Welsh Labour, Lib Dems and Tories unite against single market membership

Plaid Cymru claims the Welsh government has backed a 'hard Brexit'

 

Plaid Cymru has accused Labour of adopting a hard Brexit policy, after a Plaid motion advocating membership of the single market was defeated in the Senedd.

Tabled yesterday, the symbolic motion called on the Assembly to note ‘the importance of full membership of the European single market to the Welsh economy’. A Tory amendment instead noted the importance of ‘access to the single market’ for the Welsh economy, and was supported by Labour and Lib Dem AM Kirsty Williams.

Plaid AM Adam Price commented:

“Today Labour in Wales voted with the Tories against the Welsh national interest.

Due to the way Labour have voted, David Davis’ hard Brexit policy has now been adopted by the Welsh Government.

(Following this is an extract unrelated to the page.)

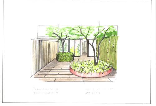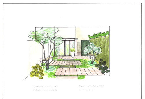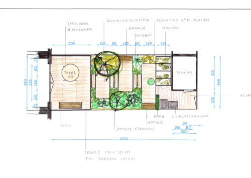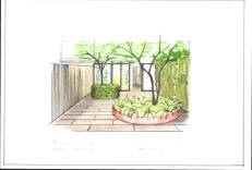 voor een tuin van ongeveer 12,5 x 5 mtr. Aan huis komt een serre en achterin komt
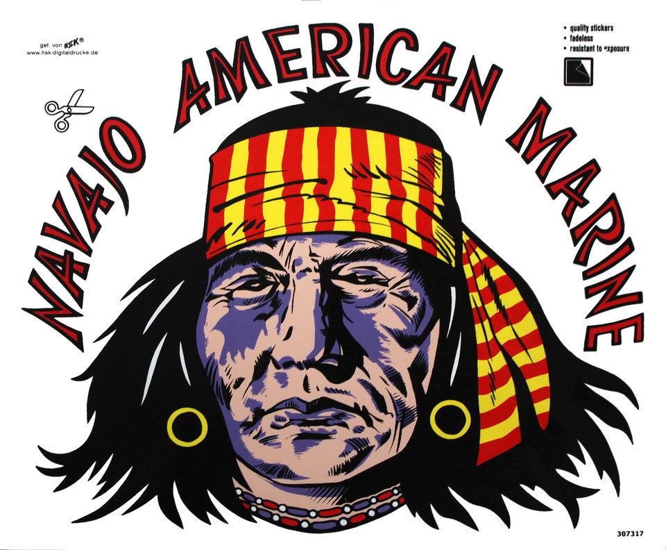 Sticker mit dem Kopf eines Native American, rot-gelbem Stirnband und dem Schriftzug Navajo American Marine auf transparentem Hintergrund.

This is a dark day for Wales as the National Assembly becomes the first parliament in these islands to vote in favour of a hard Brexit, and to yield any possible leverage in securing the best deal for Wales, thanks to Labour joining forces with the Tories.

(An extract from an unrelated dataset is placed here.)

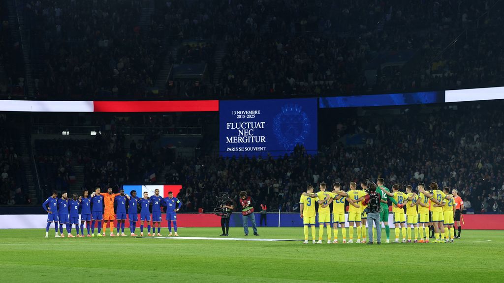 ReutersHet moment van stilte voor de wedstrijd tussen Frankrijk en Oekraïne

Ever since the Brexit vote the Labour government’s position on membership of the single market has been confused at best with successive statements expressing contradictory positions. One minute Labour was in favour of full membership then just access the next, one minute they wanted free movement of people, the next minute they were calling for a moratorium on free movement.”

In June, 52.5 per cent of Welsh voters voted to leave the EU. UKIP AMs and other pro-Leave voices welcomed yesterday’s vote, claiming it shows that the government has accepted the decision of the Welsh people.

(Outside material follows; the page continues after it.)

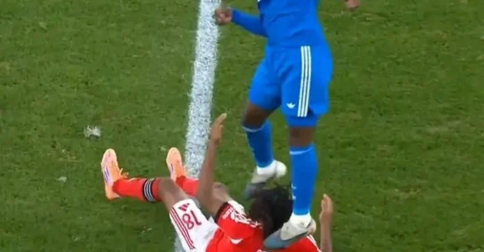 O incidente, ocorrido num momento de disputa intensa no meio-campo, foi descrito como um dos momentos mais arrepiantes da partida:
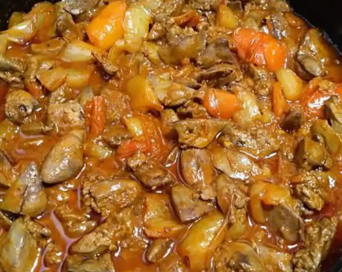 Ficatul de pui cu lecsó este o mâncare gustoasă și economică, care se prepară rapid și ușor. Cantitatea poate fi ușor ajustată în funcție de numărul de invitați și ne place în special când sunt mulți ardei, deoarece astfel există ceva de absorbit din sucul delicios.

Carwyn Jones and his party have come under fire for failing to take a clear line on the Brexit vote. Yesterday, ministers admitted that a press statement issued on 24 June was altered after being sent to journalists, to remove a reference to free movement of people.

The orginal version stated that ‘it is vital that the UK negotiates to retain access to the 500m customers in the Single Market and that we retain free movement of people’. The amended version, released less than an hour later, said ‘it is vital that the UK negotiates to retain access to the 500m customers in the Single Market.’

A spokesman for the Welsh government confirmed that the draft had been altered, adding that:

“The Welsh government’s view on freedom of movement has been articulated a number of times by the first Minister and other ministers. It was clearly a big concern for many voters, and as such we regard it as something still open for debate as we develop our thinking.”